- **TASK INPUTS**:
******

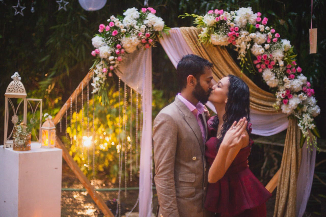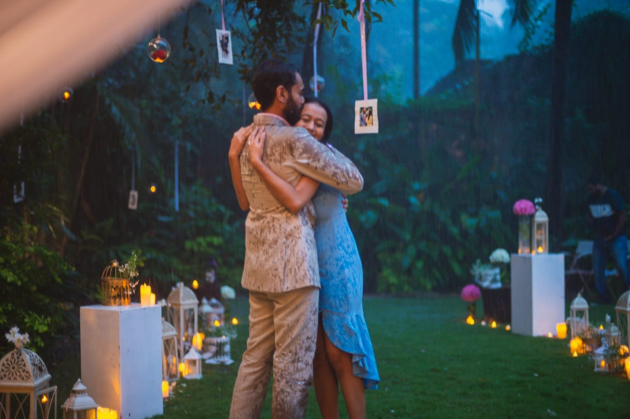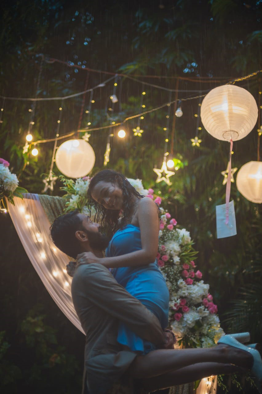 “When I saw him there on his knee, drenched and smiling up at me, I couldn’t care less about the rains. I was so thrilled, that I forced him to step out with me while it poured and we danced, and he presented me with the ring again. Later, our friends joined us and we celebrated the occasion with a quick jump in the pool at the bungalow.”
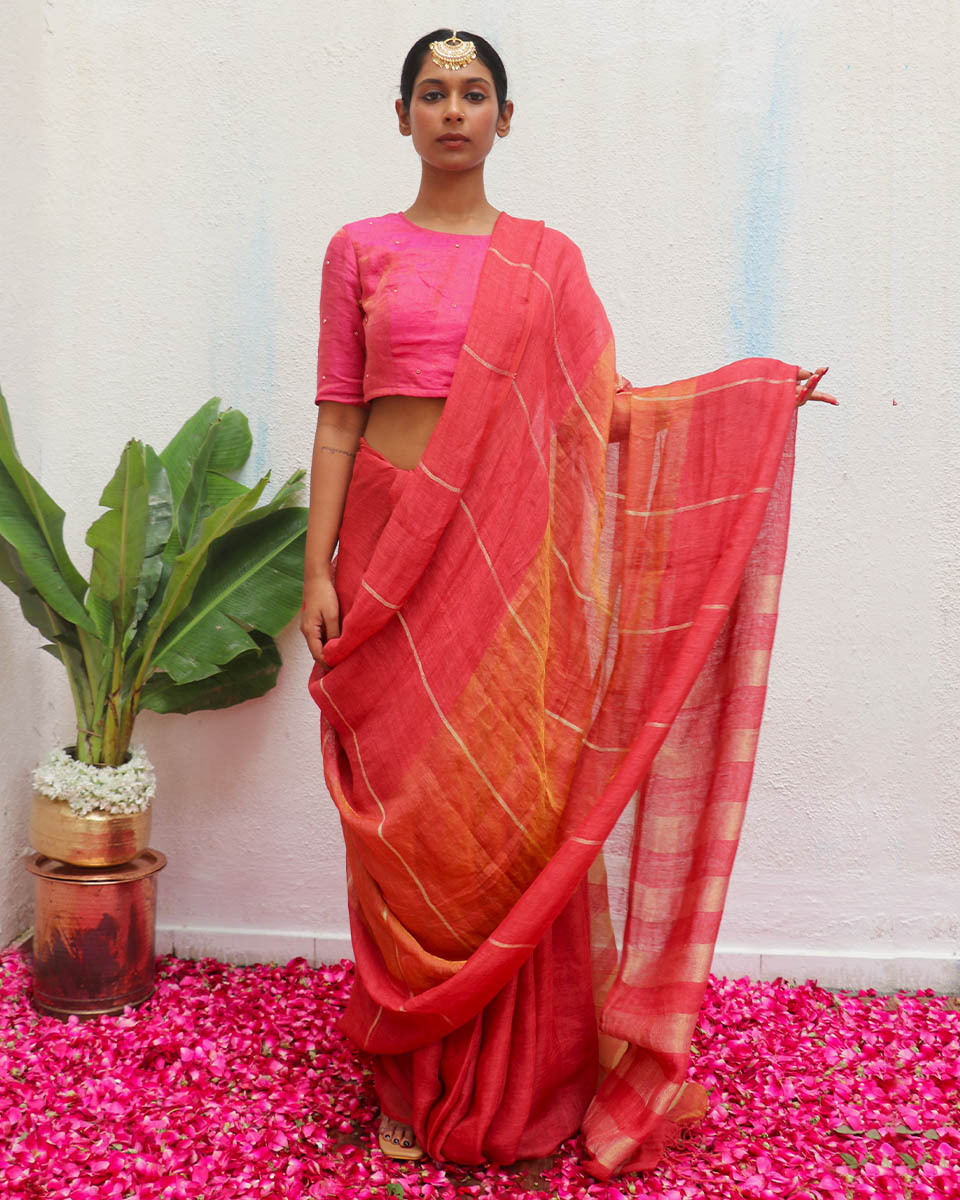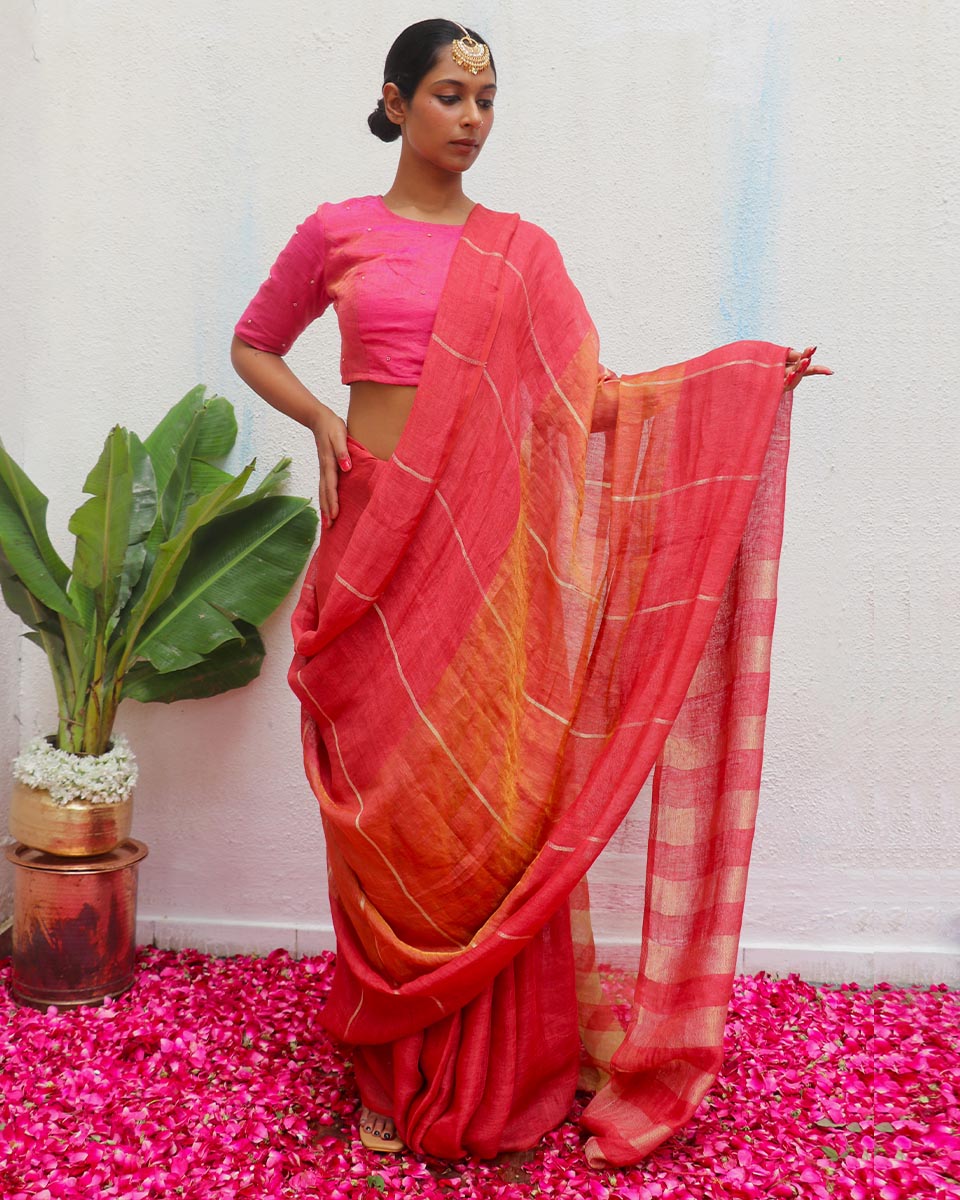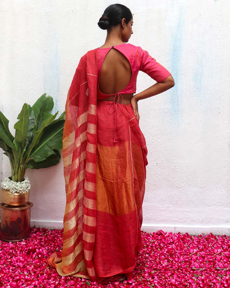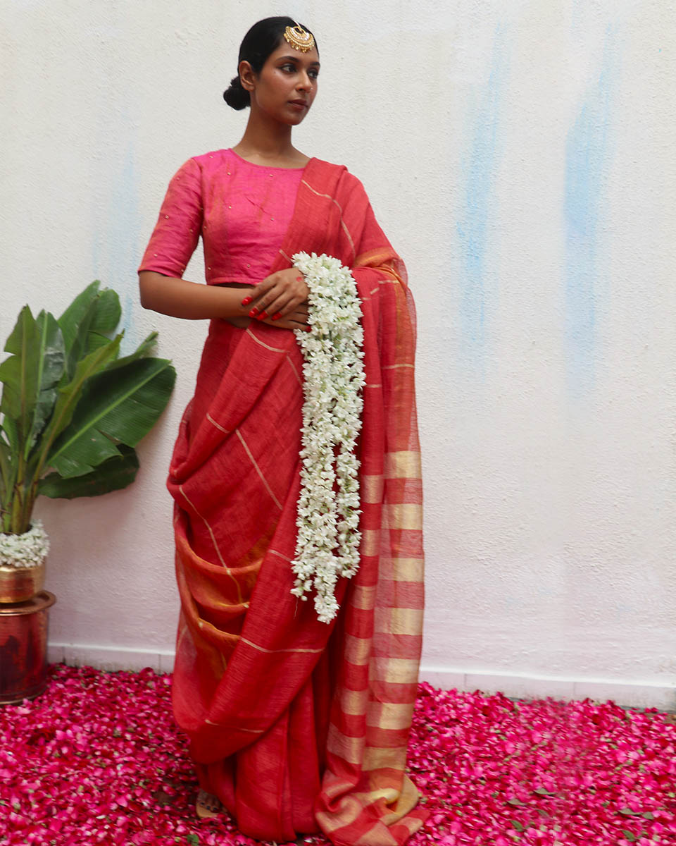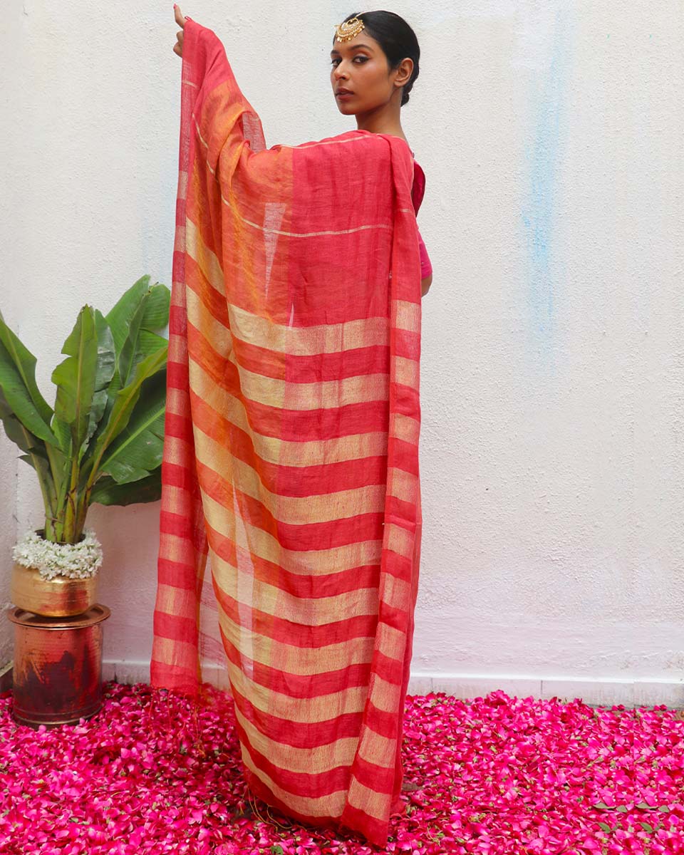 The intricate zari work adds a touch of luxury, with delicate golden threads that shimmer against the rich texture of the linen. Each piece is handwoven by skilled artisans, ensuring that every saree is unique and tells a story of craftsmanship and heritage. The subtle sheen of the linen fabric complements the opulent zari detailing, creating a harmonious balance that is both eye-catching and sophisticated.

******

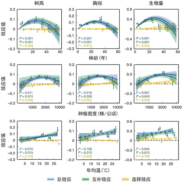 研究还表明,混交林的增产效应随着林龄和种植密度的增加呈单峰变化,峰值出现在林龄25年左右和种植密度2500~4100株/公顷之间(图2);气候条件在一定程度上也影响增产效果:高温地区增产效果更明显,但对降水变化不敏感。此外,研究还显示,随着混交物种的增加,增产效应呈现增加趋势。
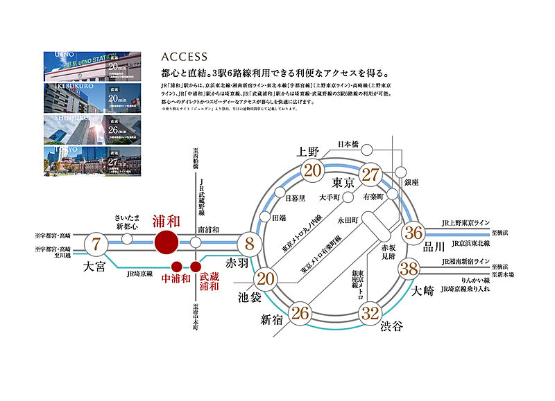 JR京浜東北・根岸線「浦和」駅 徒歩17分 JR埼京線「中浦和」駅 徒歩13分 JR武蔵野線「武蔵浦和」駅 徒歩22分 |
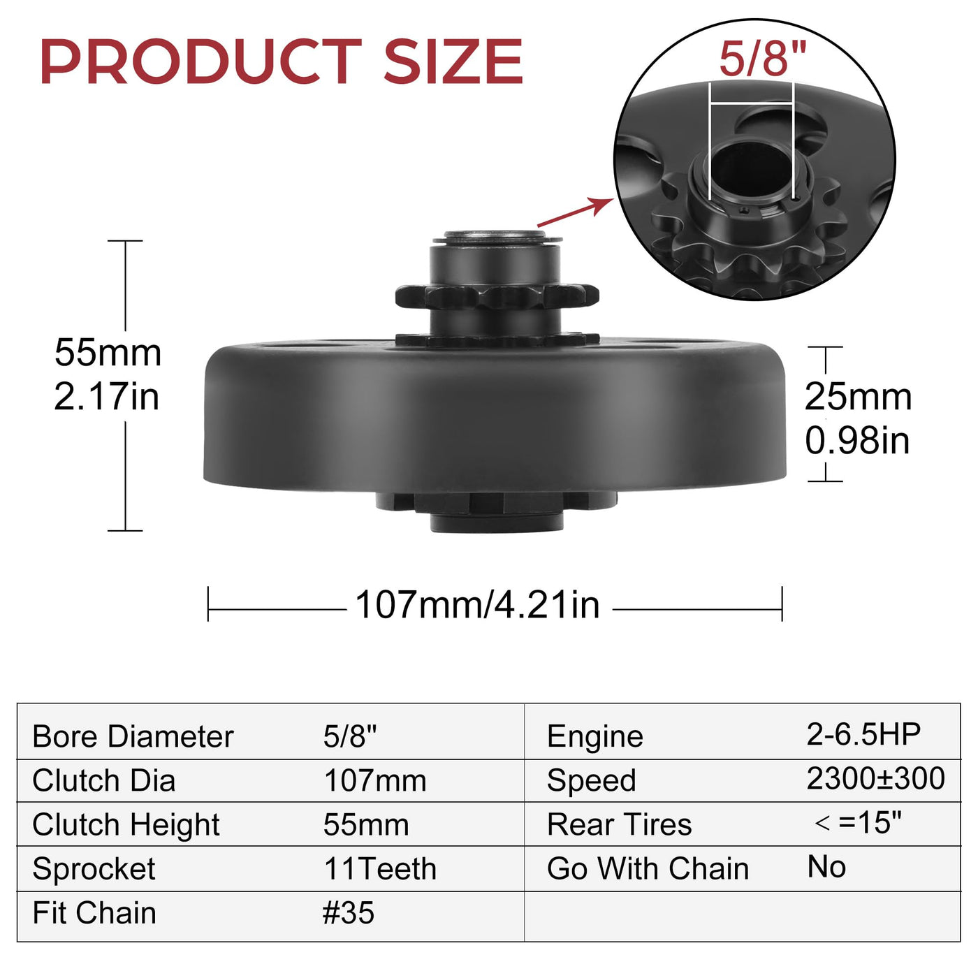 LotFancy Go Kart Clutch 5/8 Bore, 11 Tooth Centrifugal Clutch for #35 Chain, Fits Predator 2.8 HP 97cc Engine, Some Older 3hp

******

- **AIM OF THE EXERCISE**: What to print is the stretch of entries from the line with "saw him there" up to and including the line with "The intricate zari". Please print it exactly and leave out the pictures.

- **REPLY TO THE TASK**:
 “When I saw him there on his knee, drenched and smiling up at me, I couldn’t care less about the rains. I was so thrilled, that I forced him to step out with me while it poured and we danced, and he presented me with the ring again. Later, our friends joined us and we celebrated the occasion with a quick jump in the pool at the bungalow.”
 The intricate zari work adds a touch of luxury, with delicate golden threads that shimmer against the rich texture of the linen. Each piece is handwoven by skilled artisans, ensuring that every saree is unique and tells a story of craftsmanship and heritage. The subtle sheen of the linen fabric complements the opulent zari detailing, creating a harmonious balance that is both eye-catching and sophisticated.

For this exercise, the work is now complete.